NOT FOR PUBLICATION WITHOUT THE APPROVAL OF THE APPELLATE DIVISION
Submitted September 23, 2008
Before Judges Collester and Graves.
In this automobile negligence action, plaintiff Hui Chen appeals from an order dated November 3, 2006, which was entered after three days of jury trial. The order granted defendant's motion for a mistrial and ordered plaintiff's attorney, Feng Li, to pay defendant's litigation costs and counsel fees in the total amount of $7375. The order states that no retrial shall occur until such time as the sum is paid, and it provides that plaintiff's attorney "shall not obtain reimbursement from plaintiff." Because the order does not dispose of all claims between the parties, and we have not granted leave to appeal pursuant to Rule 2:2-4, we dismiss the appeal as interlocutory.

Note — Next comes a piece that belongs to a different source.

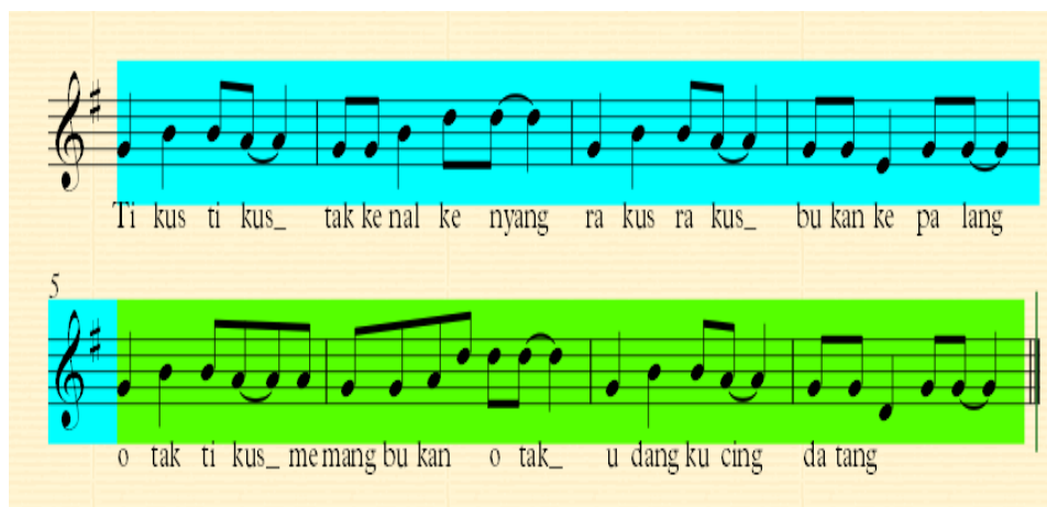
Gambar 2 Penggalan Notasi Reff Lagu “Tikus-Tikus Kantor”

Dari ilustrasi notasi tersebut dapat kita lihat bahwa struktur melodi tersebut sangatlah sederhana yaitu hanya berupa antecedens dan consequen . Antecedens adalah frase kalimat tanya, sedangkan consequen adalah frase kalimat penyelesaian/kalimat jawab. Kalimat yang dimaksud di sini adalah kalimat musikal yakni kalimat melodinya bukan kalimat lirik/bahasa. Ilustrasi melodi di atas memiliki dua bagian yang penulis bedakan dengan warna yakni warna biru muda dan hijau, di mana melodi yang diberi warna biru muda merupakan antecedens dan warna hijau merupakan consequen . Antara antecedens dan consequens tersebut bersifat simetris, seperti yang bisa kita lihat pada notasi di atas keduanya hanyalah berupa ulangan tanpa variasi. Perbedaannya hanya terletak pada birama terakhir yang jatuh di nada do untuk menyelesaikan kalimat musikalnya/sebagai consequen .

"Under Rule 2:2-3(a)(1), an appeal as of right may be taken to the Appellate Division only from a'final judgment.' To be a final judgment, an order generally must'dispose of all claims against all parties.'" Janicky v. Point Bay Fuel, Inc., 396 N.J. Super. 545, 549 (App. Div. 2007) (quoting S.N. Golden Estates, Inc. v. Cont'l Cas. Co., 317 N.J. Super. 82, 87 (App. Div. 1998)). In the present matter, the order granting a mistrial and awarding counsel fees and costs is not appealable as of right because it "does not finally determine [plaintiff's] cause of action." Moon v. Warren Haven Nursing Home, 182 N.J. 507, 512 (2005); see D'Oliviera v. Micol, 321 N.J. Super. 637, 640 (App. Div. 1999) ("There is no question but that an order granting a new trial as to one or more parties is interlocutory since it does not dispose of all issues as to all parties.").

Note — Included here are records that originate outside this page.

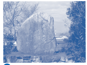
B 千本つきの歌碑 淀川堤防工事の際、杵を上げ下ろして土を固めながら歌った歌詞が刻まれています。

●ご自分の体力、体調をチェックした上で歩きましょう。●歩きやすい服装、弁当、飲み物、雨具などを準備しましょう。●けがや他に与えた損害等については、当社は一切の責任を負いません。●交通量の多い車道の近くを歩く区間があります。●諸般の事情でコースやスポットの様子が異なる場合があります。●交通ルールを守り、地域の住民や施設などに迷惑をかけないよう、マナーに気をつけましょう。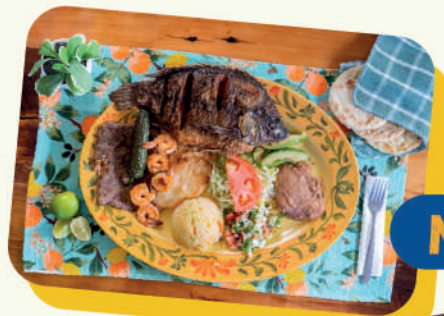
MAR Y TIERRA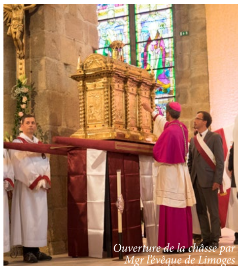
Ouverture de la châsse par Mgr l'évêque de Limoges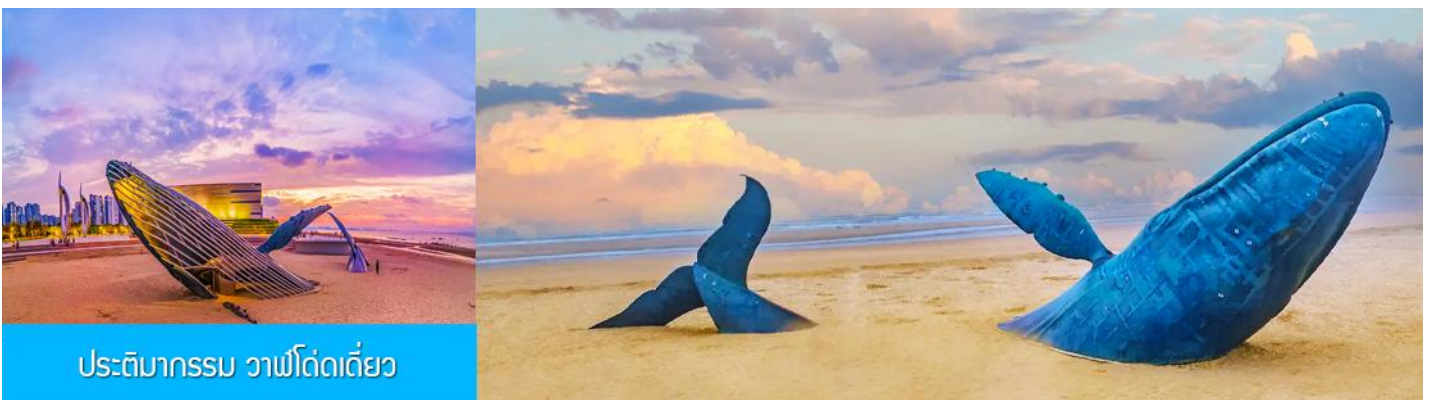
ประติมากรรม วาฟี่โดดเดี่ยว

นำท่านชมชুমู่ประตูฝั่งไหล พระราชวังมังกร พระราชวังราชินีแห่งสวรรค์ และศาลาหลัก ชมทัศนียภาพอันตระการตาของเขตแดนทะเลเหลือง-ทะเลป้อไห่ ชม "ศาลาอมตะทะยานสู่ท้องฟ้า" จากนั้นนำท่านเดินทางไปยัง จุดชมวิวกว๊านเฉียนข้ามทะเล ชมสถานที่สำคัญอันเป็นสัญลักษณ์ เช่น หอคอยเฉียนหยวน กำแพงแปดเฉียน และศาลาฮู่เฉียน โครงสร้างรูปทรงน้ำเต้าที่ล้อมรอบด้วยทะเลทั้งสามด้าน เชื่อมโยงตำนานแปดเฉียนเข้ากับ ความมหัศจรรย์ของภาพลวงตา

Ordinarily, there is no right to appeal from interlocutory orders. R. 2:2-3(a). Appeals respecting interlocutory orders are generally governed by Rule 2:2-4, which provides that "the Appellate Division may grant leave to appeal, in the interest of justice, from an interlocutory order of a court." In order to secure leave to appeal, a litigant must comply with Rule 2:5-6(a), which requires the filing of a notice of motion for leave to appeal within twenty days of the service of the order.
It is well established that "[t]he grant of interlocutory review is'highly discretionary' and'customarily exercised only sparingly.'" Vitanza v. James, 397 N.J. Super. 516, 517 (App. Div. 2008) (quoting State v. Reldan, 100 N.J. 187, 205 (1985)). Furthermore, "[i]t is the exclusive prerogative of this court to determine whether extraordinary circumstances are present warranting a piecemeal appeal." Edwards v. McBreen, 369 N.J. Super. 415, 420 (App. Div. 2004).

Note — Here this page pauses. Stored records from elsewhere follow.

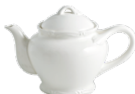
Théière (x 1) Teapot Teekanne 1 L 10 - H 15,5 cm - 37 3/7 " oz 1800CTH214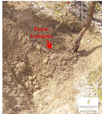
Nivel 1 de franqueo: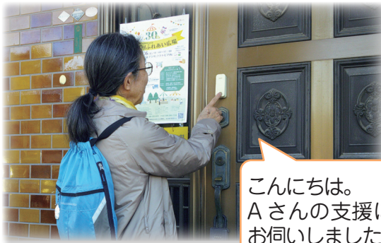
生活支援員の訪問の様子

「あんしんサポートねっと(福祉サービス利用援助事業)」は、物忘れなどのある高齢者や知的障がい・精神障がいなどのある方が安心して生活が送れるよう、定期的に訪問し、福祉サービスの利用や生活に必要なお金の出し入れなどをお手伝いするサービスです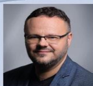
René Zavoral Český rozhlas generální ředitel

„Prostor pro malé české televize se stále zmenšuje. Financování je rébus, jehož řešením již není pouze klasická reklama.“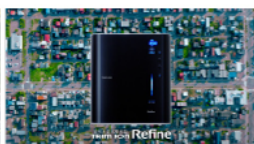
日本トリムの 電解水素水浄水器 Refine

In this case, the order entered on November 3, 2006, is not appealable as of right because it does not adjudicate plaintiff's cause of action. Moreover, leave to appeal, which was neither sought nor obtained, is not warranted. See Parker v. City of Trenton, 382 N.J. Super. 454, 458 (App. Div. 2006) ("At a time when this court struggles to decide over 7,000 appeals a year in a timely manner, it should not be presented with piecemeal litigation and should be reviewing interlocutory determinations only when they warrant pretrial review."). Consequently, any further review must await the entry of a final determination disposing of all issues between the parties, and the timely filing of a proper notice of appeal from that final order or judgment.